_Action item:_ Copy the entries below exactly. Images do not belong in the copy.

[Items listed in a dataset]
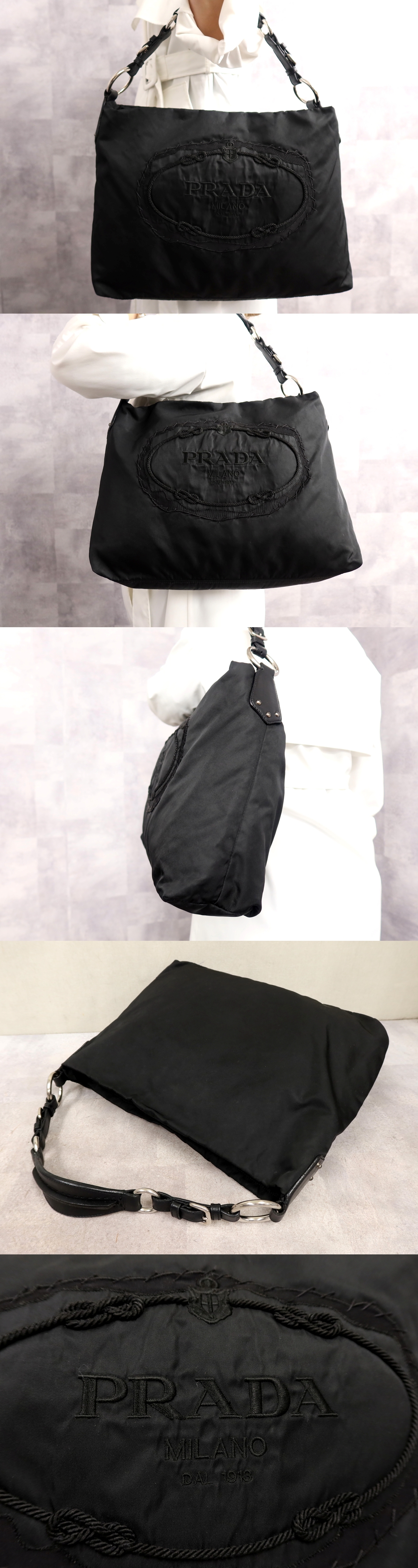 Product name: ●超美品●PRADA プラダ●ロゴ刺繍●ポコノ ナイロン カーフ レザー 本革●ワンショルダー バッグ●黒●シルバー金具●肩掛け●A4●Js66883
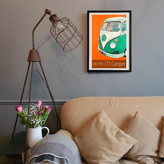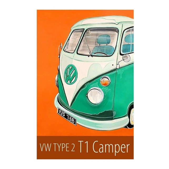 A contemporary poster print of the iconic VW T1 Camper, the 'Splittie', from my own original acrylic painting.
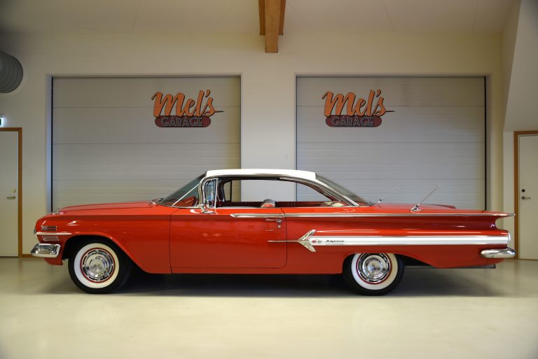 Mel’s Garage specialisten på förmedling av klassiska bilar med konstant stor efterfrågan på varierande modeller i olika prisklasser. Vi kan leverera eller hämta er bil över hela Sverige i heltäckt släp till fördelaktigt pris. Finansiering erbjuds via Wasa Kredit med 20% kontant eller My Money. Denna gång har vi fått in en Chrysler 300 Cabriolet från 1969. En berest bil som köptes på auktion i Canada av nuvarande ägare. Den exporterades till Abu Dhabi där bilen användes som ”daily driver” i ca 6 år. När han sedan flyttade hem till Sverige så togs bilen med hem och har använts soliga sommardagar. V8 440 4v ca 350hk. Torque Flite 3 vxl automatlåda. Original 8 ¾ bakaxel. Trumbromsar fram och bak med servo. Dubbelt avgassystem. Inredning i vit vinyl med omklädda soffor för ett antal år sedan och är fortfarande i ett fint bruksskick. Elstyrd vit vinylcab med glasruta i ett bra bruksskick. Elstyrda fönsterhissar. Bälten fram och bak. Modern stereo. Lackering i bruksskick och kromet runt bilen lika så. En riktig ”full size” glidare som går fint på vägen och med en drivlina utan anmärkning. Cragar fälgar med 225/55-17 däck och ca 7mm mönsterdjup. Besiktigad 2018-06-19 och nu besiktningsbefriad. En funktionell cab bil som inte skäms för sig när den glider fram på vägen, 1933ex tillverkade av denna modell.
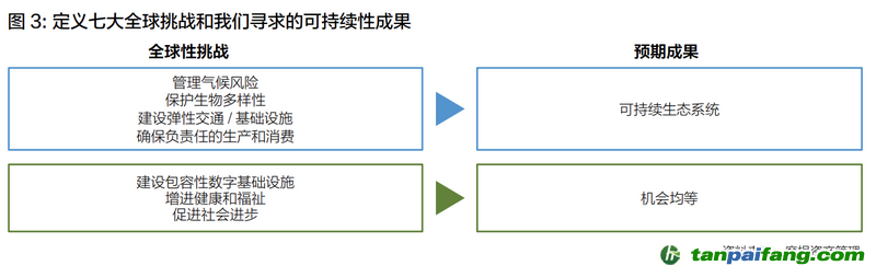 通過將支持平等機會和可持續(xù)生態(tài)系統(tǒng)的全球經(jīng)濟目標與我們深入的行業(yè)分析所獲得的見解相結合, 我們的 SIE 框架確定了實現(xiàn)可持續(xù)性成果最關鍵的七大環(huán)境和社會挑戰(zhàn),即保護生物多樣性、管理氣候風險、建設彈性交通/ 基礎設施、確保負責任的生產(chǎn)和消費、建設包容性數(shù)字基礎設施、增進健康和福祉、促進社會進步 ( 見下圖 )。 本文@內/容/來/自:中-國-碳^排-放-交易&*網(wǎng)-tan pai fang . com
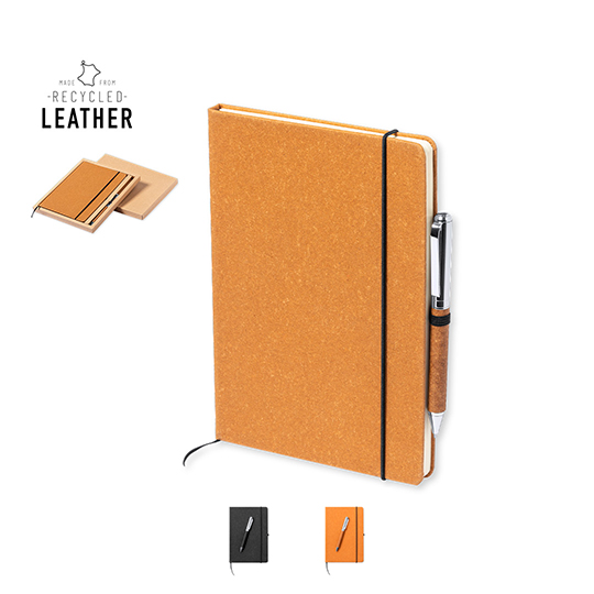 • Set de bloc de notas y bolígrafo en cuero reciclado. Incluye:
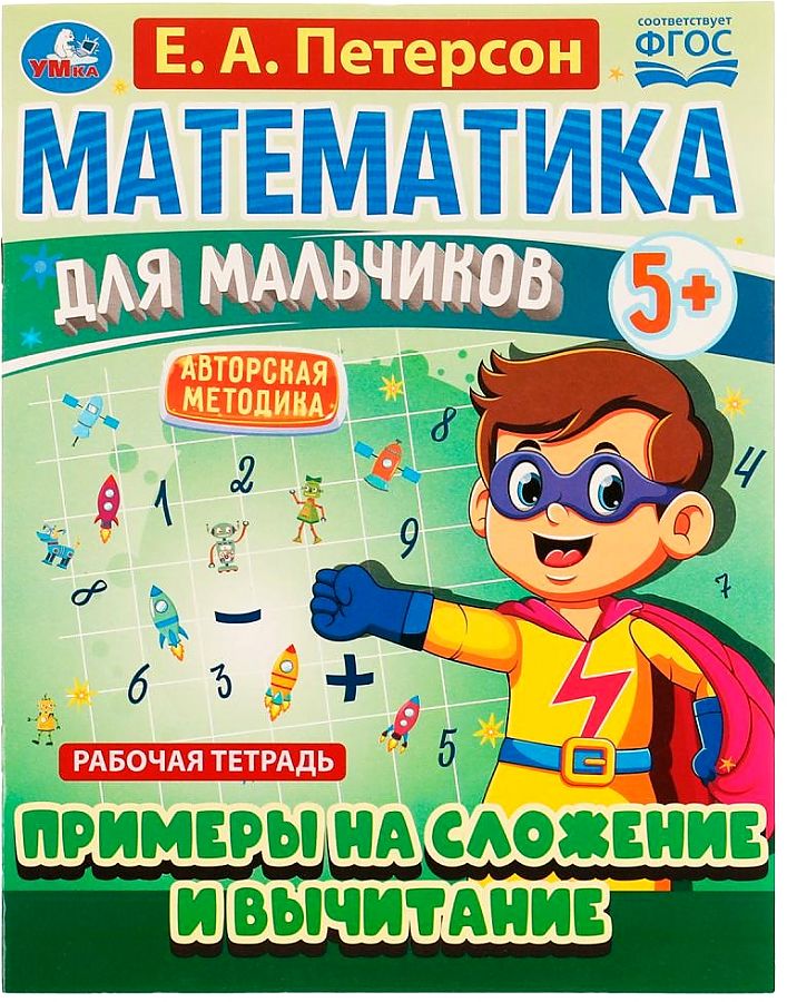 Рабочая тетрадь «Е. А. Петерсон. Примеры сложения и вычитания. 5+» из серии «Математика для мальчиков» ТМ «УМка» - отличный помощник для маленьких непосед в освоении новых знаний в области математики:

_Exercise output:_
 Product name: ●超美品●PRADA プラダ●ロゴ刺繍●ポコノ ナイロン カーフ レザー 本革●ワンショルダー バッグ●黒●シルバー金具●肩掛け●A4●Js66883
 A contemporary poster print of the iconic VW T1 Camper, the 'Splittie', from my own original acrylic painting.
 Mel’s Garage specialisten på förmedling av klassiska bilar med konstant stor efterfrågan på varierande modeller i olika prisklasser. Vi kan leverera eller hämta er bil över hela Sverige i heltäckt släp till fördelaktigt pris. Finansiering erbjuds via Wasa Kredit med 20% kontant eller My Money. Denna gång har vi fått in en Chrysler 300 Cabriolet från 1969. En berest bil som köptes på auktion i Canada av nuvarande ägare. Den exporterades till Abu Dhabi där bilen användes som ”daily driver” i ca 6 år. När han sedan flyttade hem till Sverige så togs bilen med hem och har använts soliga sommardagar. V8 440 4v ca 350hk. Torque Flite 3 vxl automatlåda. Original 8 ¾ bakaxel. Trumbromsar fram och bak med servo. Dubbelt avgassystem. Inredning i vit vinyl med omklädda soffor för ett antal år sedan och är fortfarande i ett fint bruksskick. Elstyrd vit vinylcab med glasruta i ett bra bruksskick. Elstyrda fönsterhissar. Bälten fram och bak. Modern stereo. Lackering i bruksskick och kromet runt bilen lika så. En riktig ”full size” glidare som går fint på vägen och med en drivlina utan anmärkning. Cragar fälgar med 225/55-17 däck och ca 7mm mönsterdjup. Besiktigad 2018-06-19 och nu besiktningsbefriad. En funktionell cab bil som inte skäms för sig när den glider fram på vägen, 1933ex tillverkade av denna modell.
 通過將支持平等機會和可持續(xù)生態(tài)系統(tǒng)的全球經(jīng)濟目標與我們深入的行業(yè)分析所獲得的見解相結合, 我們的 SIE 框架確定了實現(xiàn)可持續(xù)性成果最關鍵的七大環(huán)境和社會挑戰(zhàn),即保護生物多樣性、管理氣候風險、建設彈性交通/ 基礎設施、確保負責任的生產(chǎn)和消費、建設包容性數(shù)字基礎設施、增進健康和福祉、促進社會進步 ( 見下圖 )。 本文@內/容/來/自:中-國-碳^排-放-交易&*網(wǎng)-tan pai fang . com
 • Set de bloc de notas y bolígrafo en cuero reciclado. Incluye:
 Рабочая тетрадь «Е. А. Петерсон. Примеры сложения и вычитания. 5+» из серии «Математика для мальчиков» ТМ «УМка» - отличный помощник для маленьких непосед в освоении новых знаний в области математики:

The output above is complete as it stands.